Main | Tuesday, October 28, 2014

MAINE: Gov Race Polling Wildly Conflicts

Three new polls on Maine's gubernatorial race show wildly conflicting results.
A new poll has found Maine Gov. Paul LePage (R) with a wide lead over the rest of the field. The new Maine Sunday Telegram/Portland Press Herald poll found LePage leading Rep. Mike Michaud, the Democratic gubernatorial nominee in the race, 45 to 35 percent among likely voters. Independent candidate Eliot Cutler, meanwhile, got 16 percent with 4 percent undecided. The poll was conducted by the University of New Hampshire Survey Center among 639 likely voters between Oct. 15 to 21. It had a margin of error of plus or minus 3.8 percentage points.
Then there's this new poll:
The latest poll of the Maine governor’s race by Portland-based firm Pan Atlantic SMS shows Republican Gov. Paul LePage and Democrat Mike Michaud tied at 40 percent, with independent Eliot Cutler at 13 percent. Pan Atlantic polled 400 voters between Oct. 15-21. The survey’s margin of error was 4.9 percent. The poll is similar to many others that have been released over the last several weeks, except this one seems to show a shift of support away from Cutler and toward Michaud.
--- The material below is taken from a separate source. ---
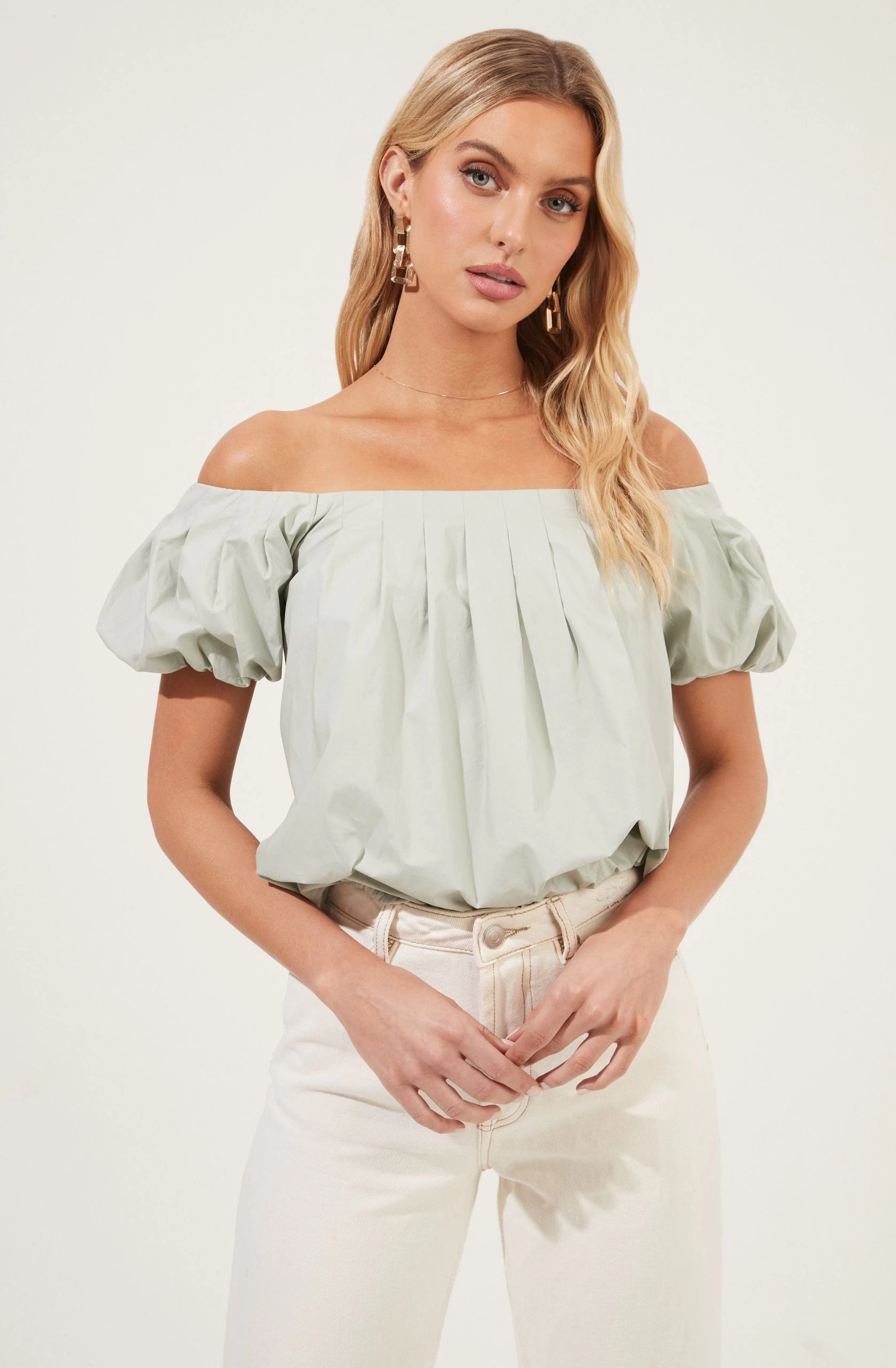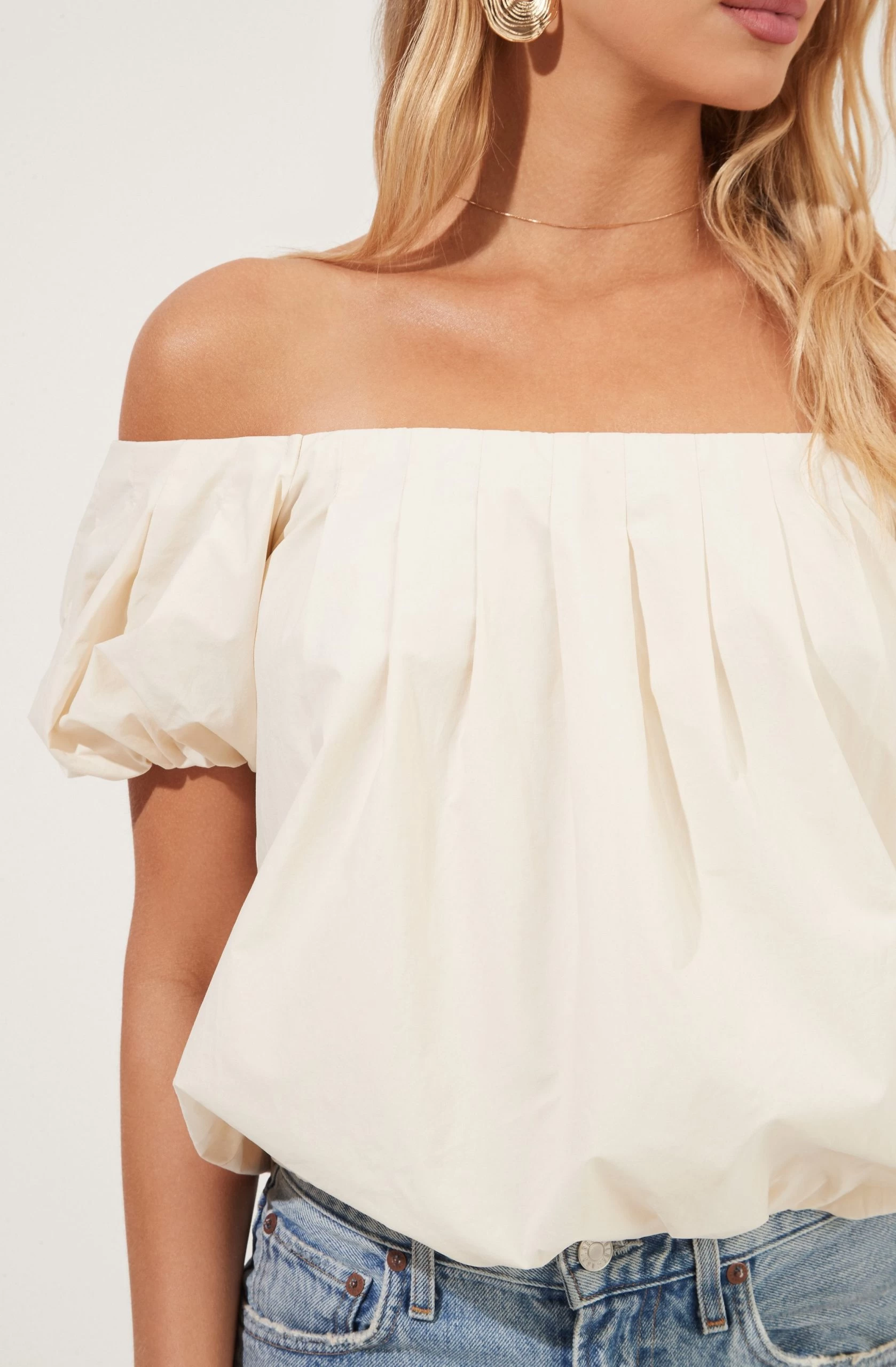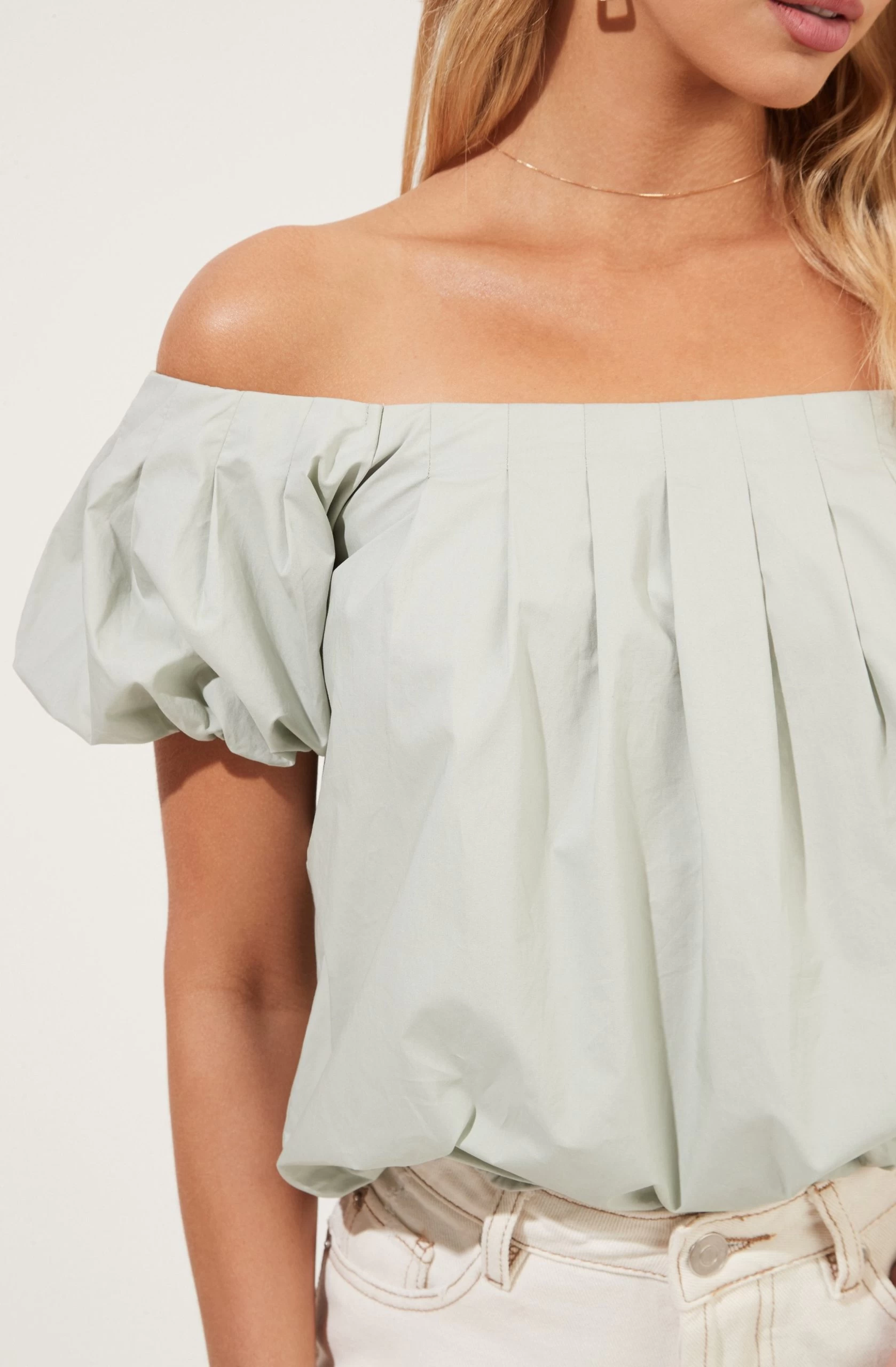 Love for style. This poplin top features an off-shoulder neckline that leads to a pleated front. Short puff sleeves and relaxed fit.

Pan Atlantic conducted a poll between Sept. 23-29 – prior to the start of the debates – that showed LePage at 39 percent, Michaud at 34 percent and Cutler at 20 percent. That means that, in less than a month, Michaud has gained 6 percentage points, Cutler has lost 7 and LePage has virtually stayed the same.
And this new poll:
Public Policy Polling’s newest Maine survey finds that after three televised debates, the race for governor is still a very tight contest between incumbent Paul LePage and Democrat Mike Michaud. LePage and Michaud each have 40%, with Eliot Cutler trailing at 17%. Trailing by 23 points with only 11 days to go until the election, there is virtually no way Cutler can overtake LePage and Michaud. But by splitting the anti-LePage vote, the support Cutler is pulling from Michaud could be just enough to reelect LePage in this razor-thin contest.
The final line above will be the story. If elected, Michaud would become the first out-at-election-time governor in history.